» **What is required**
Transcribe exactly the line with "28. Date of" and each line that follows it in the listing, down to the last, omitting all pictures.

» **Given material**
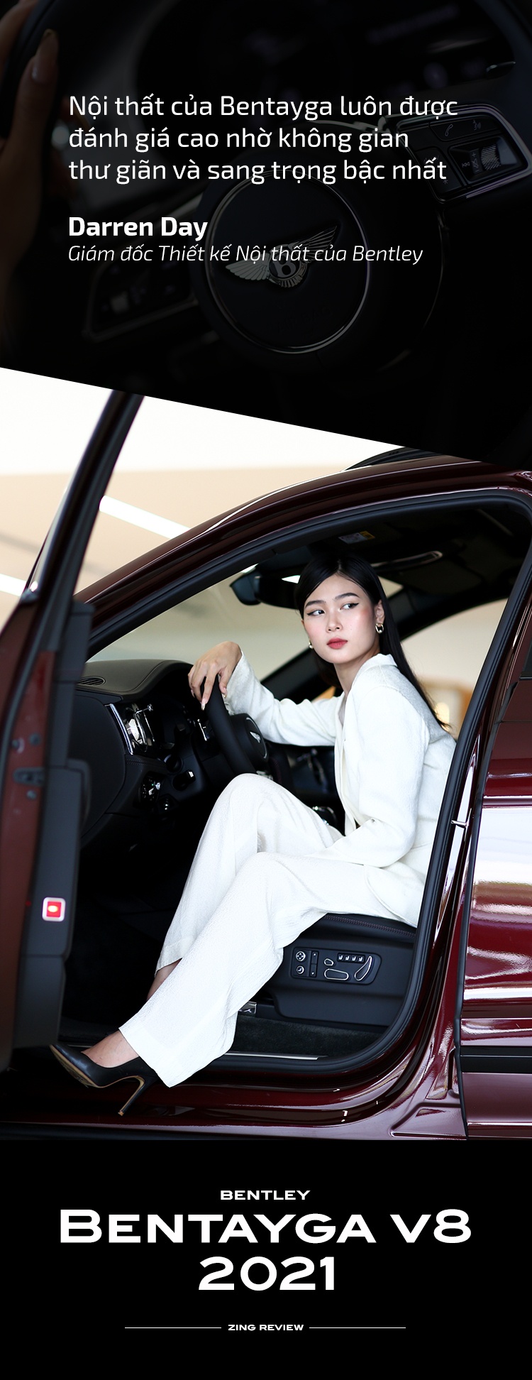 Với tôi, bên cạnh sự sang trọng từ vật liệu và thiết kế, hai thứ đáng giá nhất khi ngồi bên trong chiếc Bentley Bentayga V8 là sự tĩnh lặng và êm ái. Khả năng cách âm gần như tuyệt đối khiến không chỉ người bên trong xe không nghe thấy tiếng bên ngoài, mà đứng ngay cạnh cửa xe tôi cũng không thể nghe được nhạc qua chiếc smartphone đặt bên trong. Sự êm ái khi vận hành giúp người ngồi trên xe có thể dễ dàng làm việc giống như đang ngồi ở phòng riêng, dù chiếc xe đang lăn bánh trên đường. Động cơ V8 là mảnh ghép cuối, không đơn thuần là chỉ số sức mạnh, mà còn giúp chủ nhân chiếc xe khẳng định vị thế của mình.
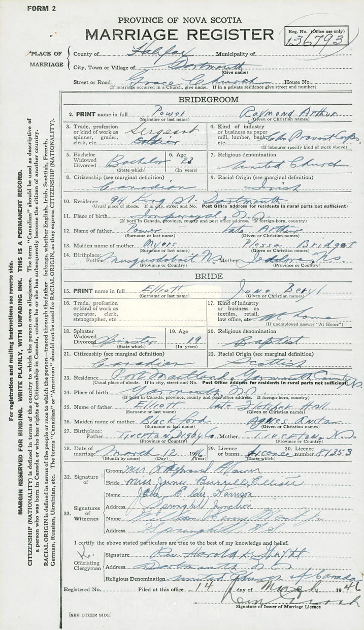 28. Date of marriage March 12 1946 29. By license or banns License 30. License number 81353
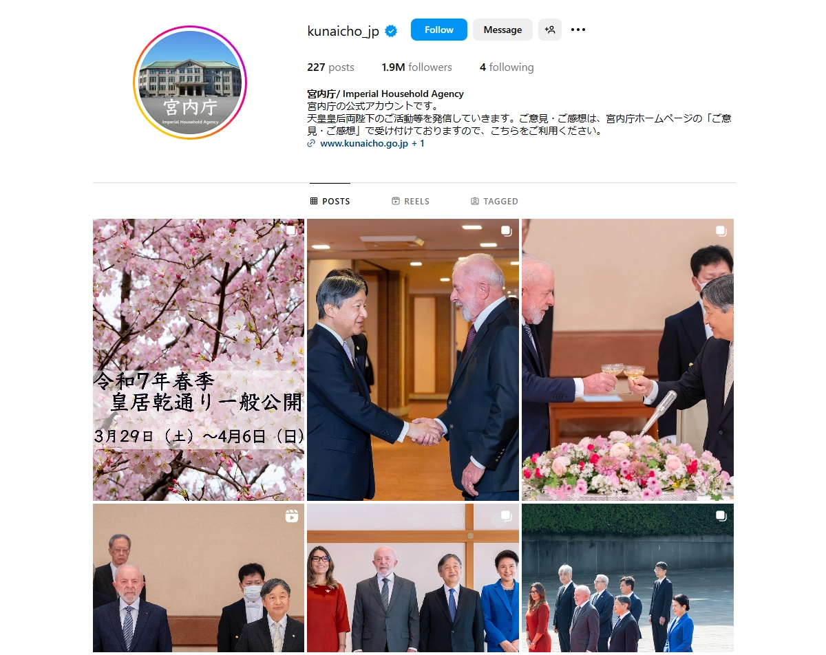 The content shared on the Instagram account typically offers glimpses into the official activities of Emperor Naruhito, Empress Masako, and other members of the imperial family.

» **Exercise answer**
 28. Date of marriage March 12 1946 29. By license or banns License 30. License number 81353
 The content shared on the Instagram account typically offers glimpses into the official activities of Emperor Naruhito, Empress Masako, and other members of the imperial family.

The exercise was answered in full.